Radyoda yayınlanan İslamî programlar, dini yaşantıda değişikliğe yol açıyor
Bu çalışmada, radyoda yayınlanan İslami programların, dinleyicilerin dini düşüncelerinde ve dini yaşantılarında değişikliğe yol açtığı ve radyonun, alanın uzmanları tarafından belirlenen işlevlerini yerine getirmeye devam etmenin yanı sıra, belli sosyal grupların sesi olan cemaat radyoları ile ‘kimlik oluşturma’ ve ‘kimlik pekiştirme’ rolü icra ettiği fikirlerinden yola çıkılarak, dinleyicilerin İslami radyo yayınlarını nasıl alımladıkları, Türkiye’de İslami radyo geleneğinin öncülerinden olan Akra Fm üzerinden araştırılmış ve çalışmanın sonunda varsayımların doğrulandığı görülmüştür.

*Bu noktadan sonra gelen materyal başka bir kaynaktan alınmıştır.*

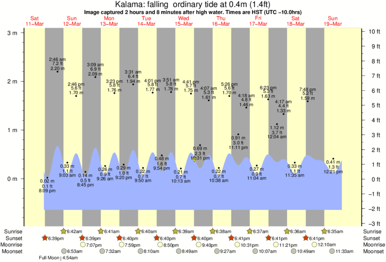 Image captured 2 hours and 8 minutes after high water (falling ordinary tide). Tide height was 0.4m (1.4 ft). Range 3.40m (11.2 ft). Toggle tide graph
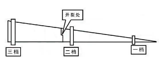 涉案回轉(zhuǎn)窯中線檢測未發(fā)現(xiàn)有大的異常,排除由于中心線不直導(dǎo)致筒體長期三檔受力不均勻出現(xiàn)開裂;
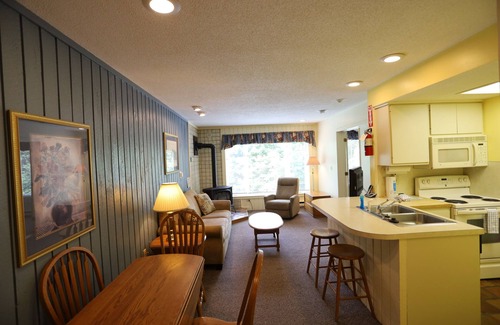 One Bedroom Condo at Inns of Waterville Valley with sleep sofa sleeping 4. Fully Equipped Kitchen with Single/Coffee Pot Combo, Dishwasher, and Microwave. Shared Outdoor Grilling Area
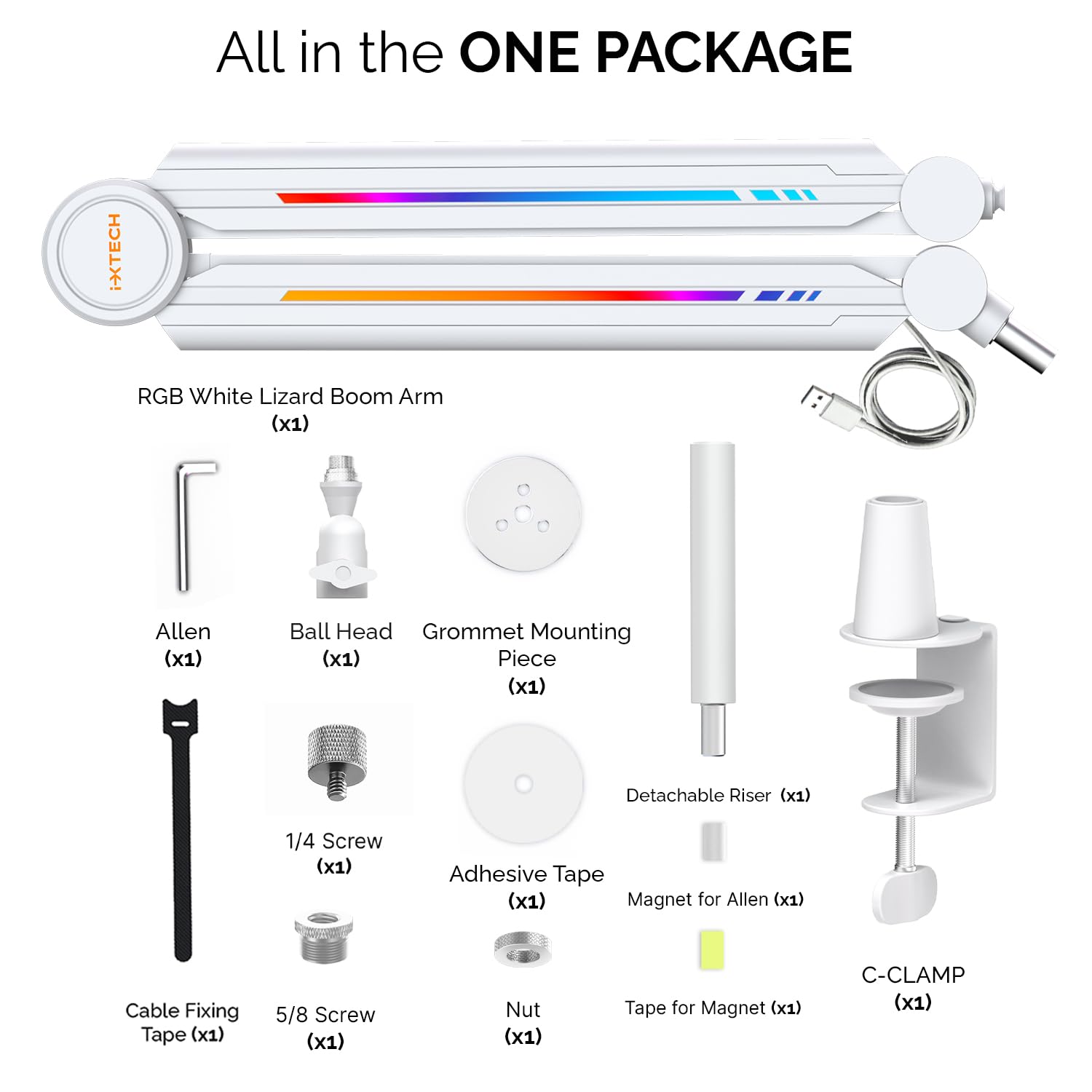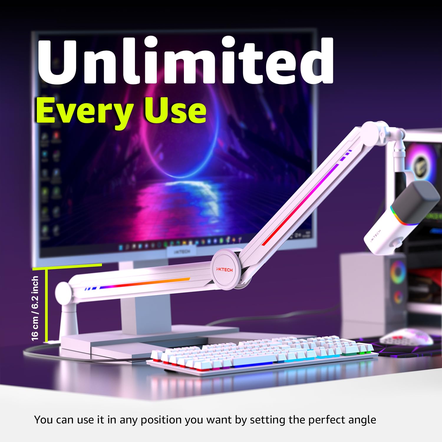 IXTECH RGB Mic Boom Arm High Profile, Overhead Boom Arm Microphone Stand Desk Mount, Adjustable Microphone Stand with Desk Mount, Mic Arm for Live Streaming Gaming Podcasting Recording (White)
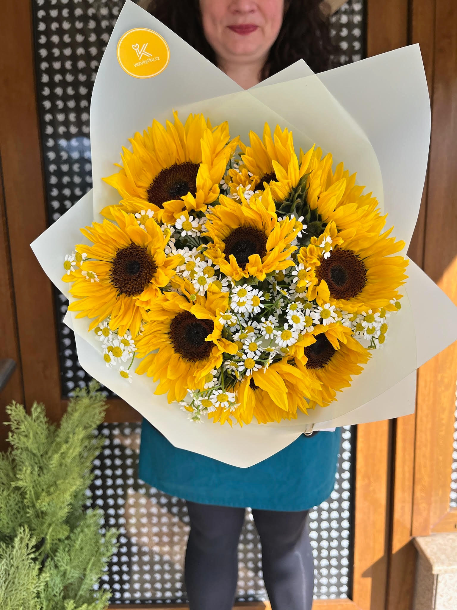 Slunečnice je sezonní květina, není v kvalitě dostupná po celý rok. Do našich kytic slunečnic používáme tyto velkokvěté slunečnice a dáváme minimum zeleně, aby více vynikla krása samotných květů.
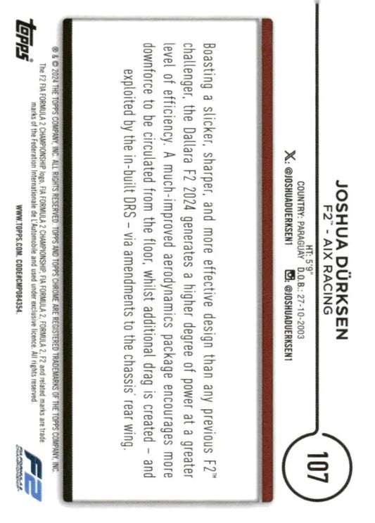 2024 Topps Chrome Formula 1 #107 Joshua Durksen NM-MT F2 - AIX Racing Racing Card
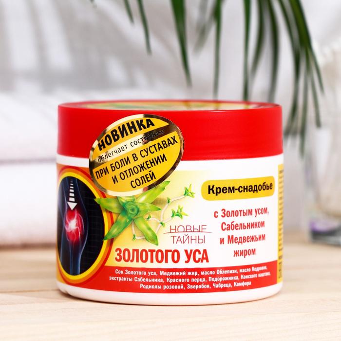 - Состав крем-снадобья на основе сока Золотого уса усилен экстрактом сабельника и медвежьим жиром. Данный комплекс является оптимальным для восстановления и поддержания функционального состояния опорно-двигательного аппарата, норма- лизует внутриклеточный кальциевый обмен.
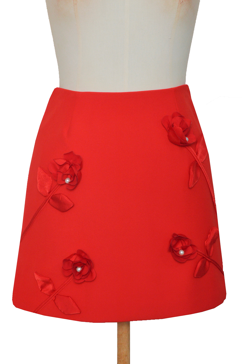 Jupe courte ornée de fleurs en relief et perles décoratives
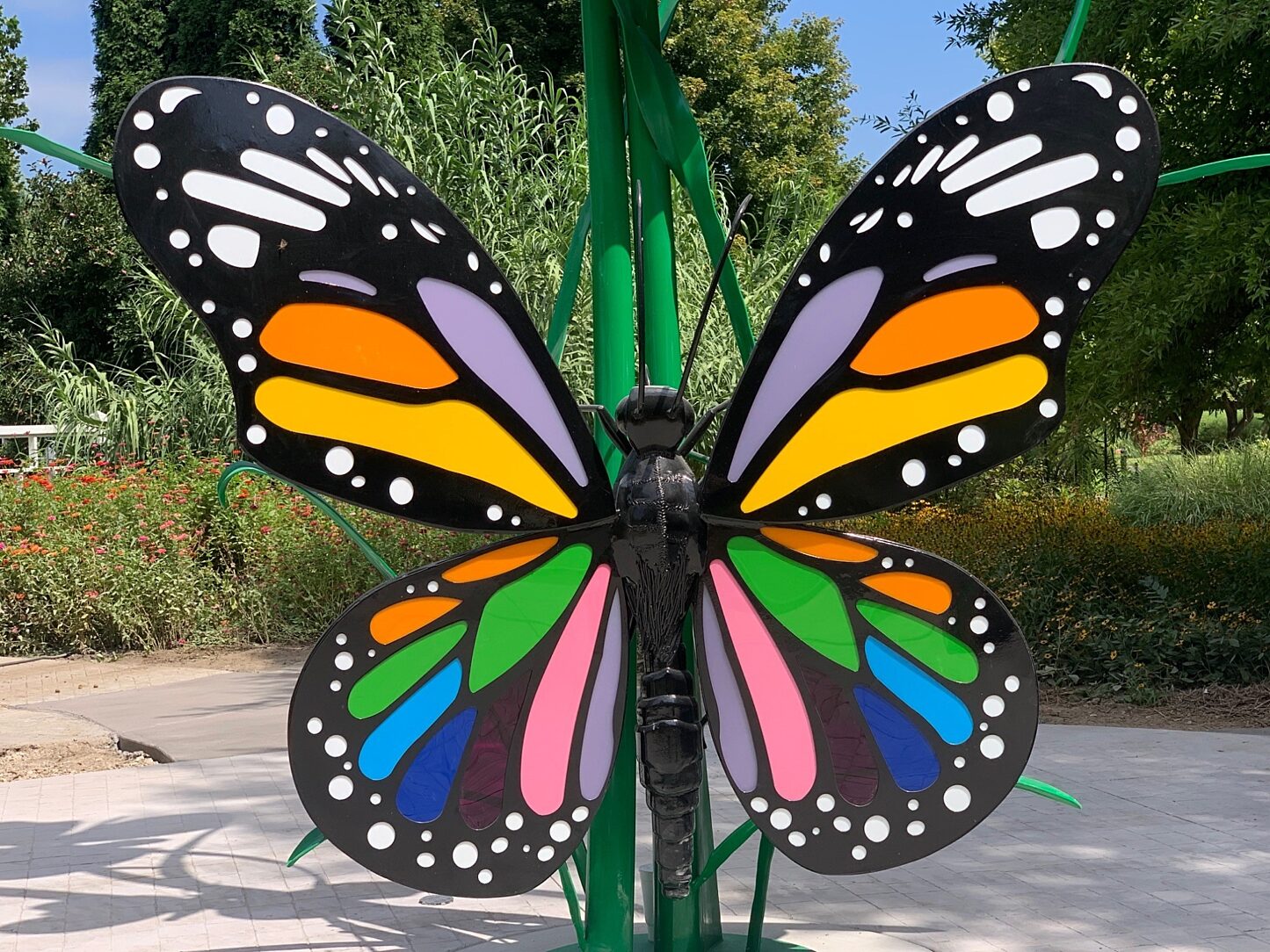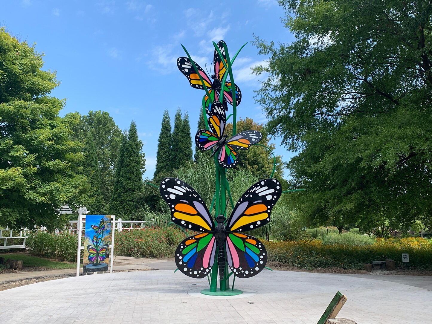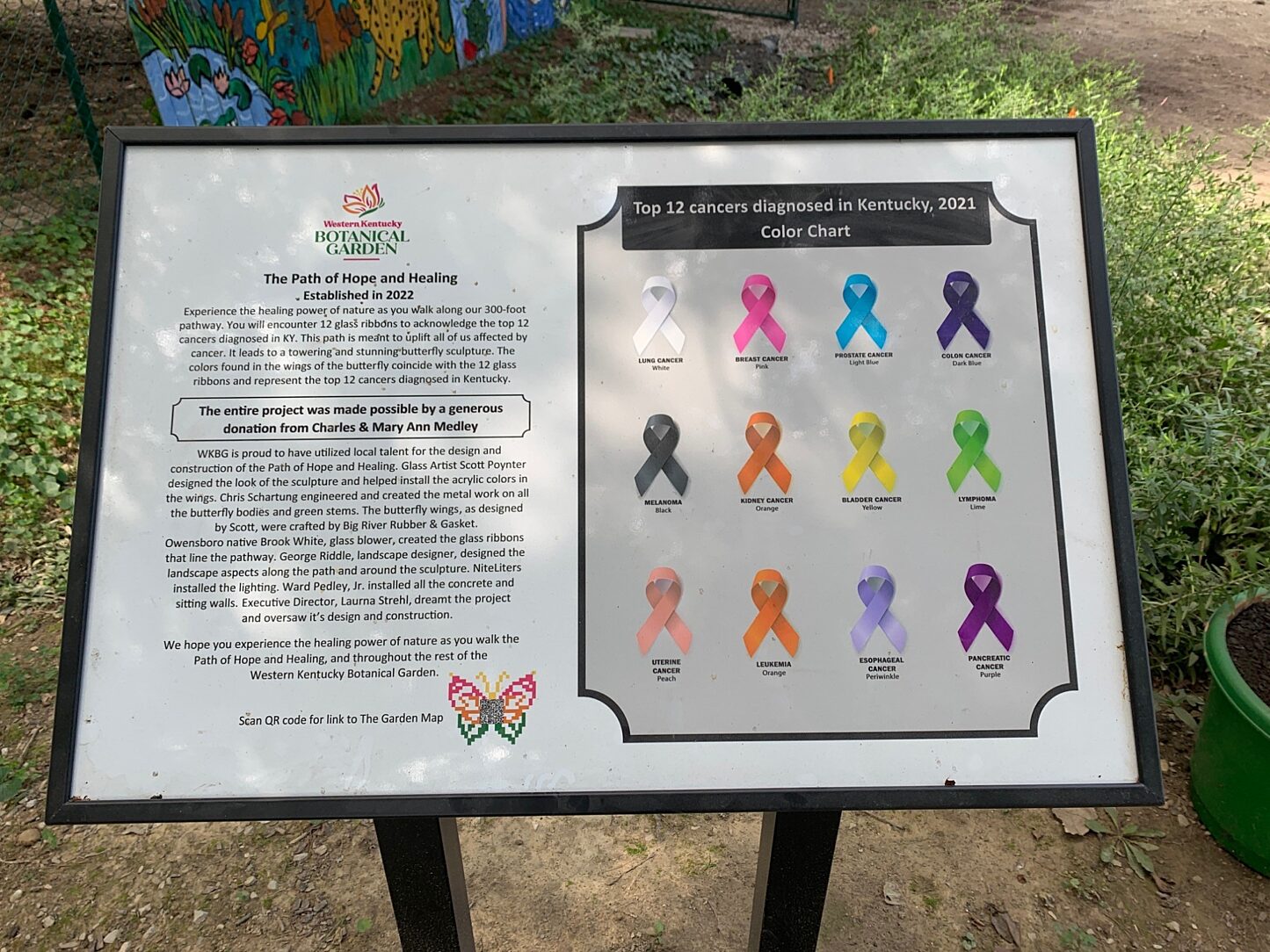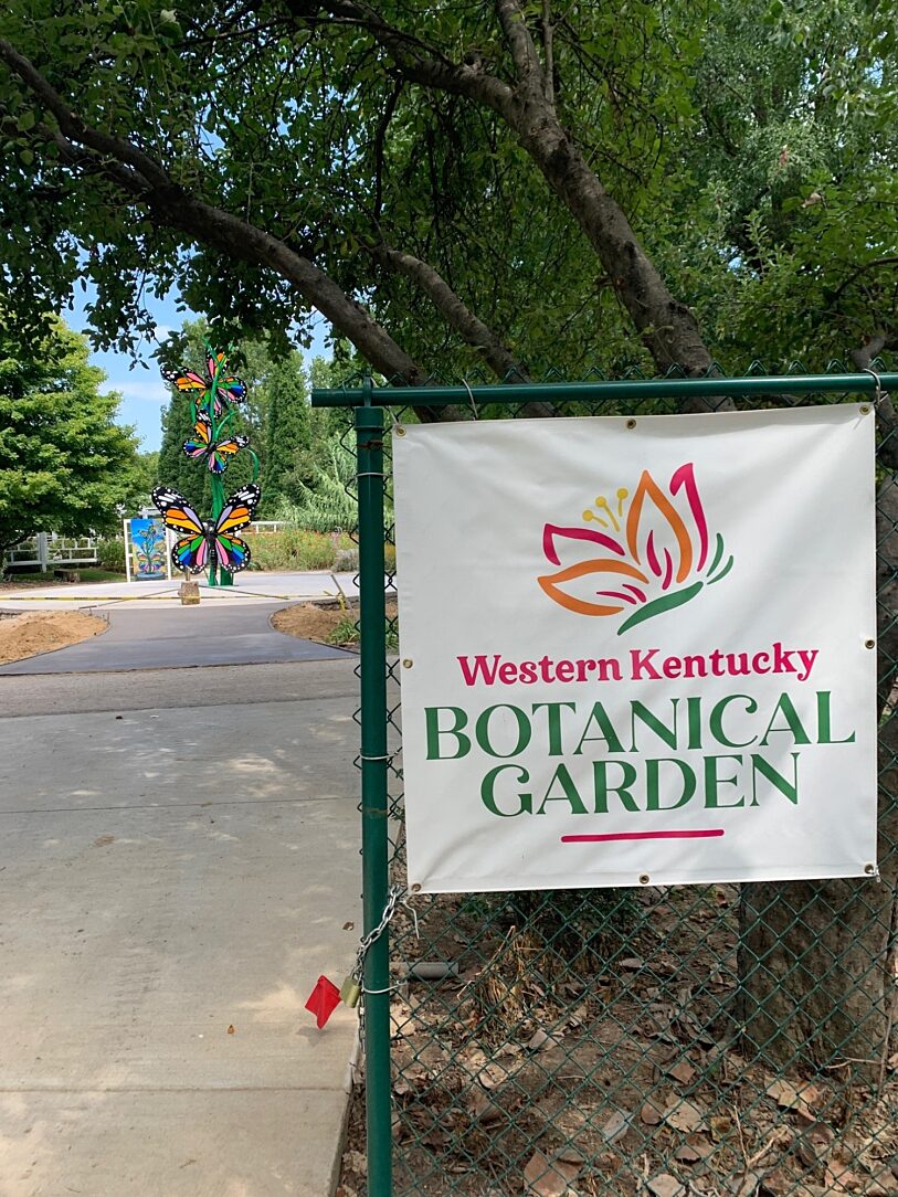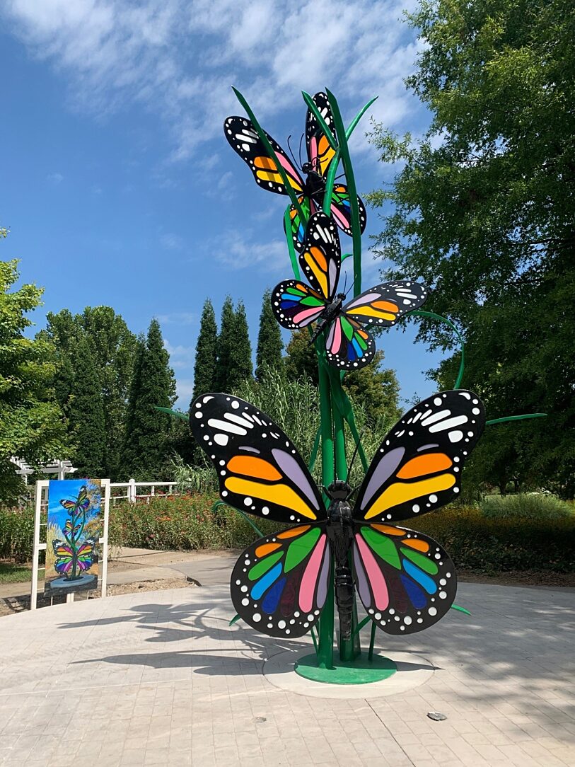Inside the entrance of the Western Kentucky Botanical Garden along the Path of Hope & Healing stands a beautiful 21’ tall butterfly sculpture. Designed by artists Chris Scartung and Scott Poynter, the largest butterfly’s 10’ wingspan is adorned with the 12 colors representing the 12 most diagnosed cancers in the commonwealth of Kentucky. There are also 12 matching colored glass ribbons along the garden’s path.

28 Şubat, İslamî radyolara da darbe vurdu
Medya ve din ilişkisinin tarihsel sürecinde, 28 Şubat’ta yaşananlar da dikkat çekti. İslamî radyoların bu süreçten etkilendiğini ifade eden Yetgindağ şöyle devam etti:
“İslami radyoların açılışından dört yıl sonra yaşanan 28 Şubat Postmodern Darbesi, hem bu radyolar, hem de Ezgi türü müzik için bir değişimin başlangıcı olmuştur. İdeolojik söylemleri olan bu tür müzikler ile yayın akışlarına devam eden İslami radyolar RTÜK tarafından verilen kapatma cezaları ile karşılaştıkça, hem İslami radyolar bu müzik türünün dışında yayınlayabilecekleri eserler arayışına girmişler, hem de bu müziğin sanatçıları söylemlerini değiştirmek zorunda kalmışlar ve piyasa koşullarında var olabilmek için müzik kalitelerini artırmanın yollarını aramaya başlamışlardır.”